Abstract

Abstract The collision between India and Asia is marked by the Yarlung Zangbo suture zone, which can be traced from Tibet into northwest Yunnan. The suture zone provides a record of the subduction of Neotethyan oceanic lithosphere beneath the Lhasa Block, creating the Gangdese magmatic belt, prior to the India–Asia collision. This paper reports petrological, zircon U–Pb, and whole-rock elemental and isotope data for amphibolite from the extension of the Gangdese belt in northwestern Yunnan. Two metamorphic stages are identified in relict amphibolite-facies rocks preserved in granitic gneisses from the belt. They are early amphibolite-facies metamorphism (M1) and late amphibolite-facies retrograde metamorphism (M2). The assemblage of M1 comprises garnet, amphibole, and plagioclase that formed at 0.89–0.97 GPa and 658–700 °C. Dating of syn-metamorphic zircons assigns this event to the middle Eocene (44–38 Ma). Symplectites (corona) of amphibole, plagioclase, and quartz surrounding garnet formed during retrograde stage M2, at 30–29 Ma, under P–T conditions of 0.41–0.68 GPa and 549–716 °C. The amphibolites display geochemical characteristics similar to those of mid-ocean ridge basalt, with eNd(t) values of +1.8 to +8.9, and are inferred to have formed in a back-arc-basin setting, suggesting that they constitute part of the lithospheric mantle of the Tengchong terrane that lies to the east.

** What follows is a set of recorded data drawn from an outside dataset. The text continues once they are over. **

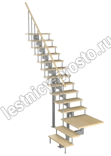 Модульная лестница Статус 225 3150-3290, Серый, Сосна, Крашеная
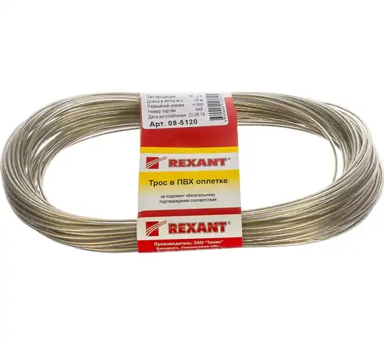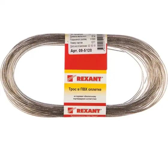 Трос стальной REXANT в ПВХ оплетке d=2.0 мм, моток 20 метров 09-5120
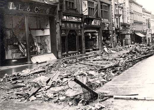 A photograph taken after a bombing raid in Newark, 1941. This photograph is uncensored.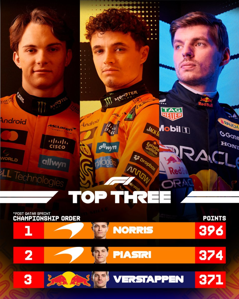 Óscar Piastri venció en la última carrera al sprint de este año para retomar el pulso por el campeonato. El australiano, famoso por su carisma de piloto frío y calculador, ha despertado en el momento más importante del año, puesto que llevaba 7 grandes premios sin subirse a cualquier cajón del podio y ha vuelto por la puerta grande. De las 3 carreras sprint que ha habido en el circuito de Lusail, Oscar ha ganado todas. Norris sigue aún con gran ventaja para llevarse el campeonato, pero no puede relajarse ante la determinación del propio Oscar y de Max Verstappen, que salió 6º y acabó 4º, quien acechó al propio piloto inglés durante la carrera.

The amphibolite-facies metamorphism was related to underplating of the Indian plate during the India–Asia collision, which led to clockwise rotation of eastern Tibet during the middle Eocene, generating amphibolite recrystallization and, subsequently, with ongoing convergence of the two plates, exhumation of the region during the middle Oligocene.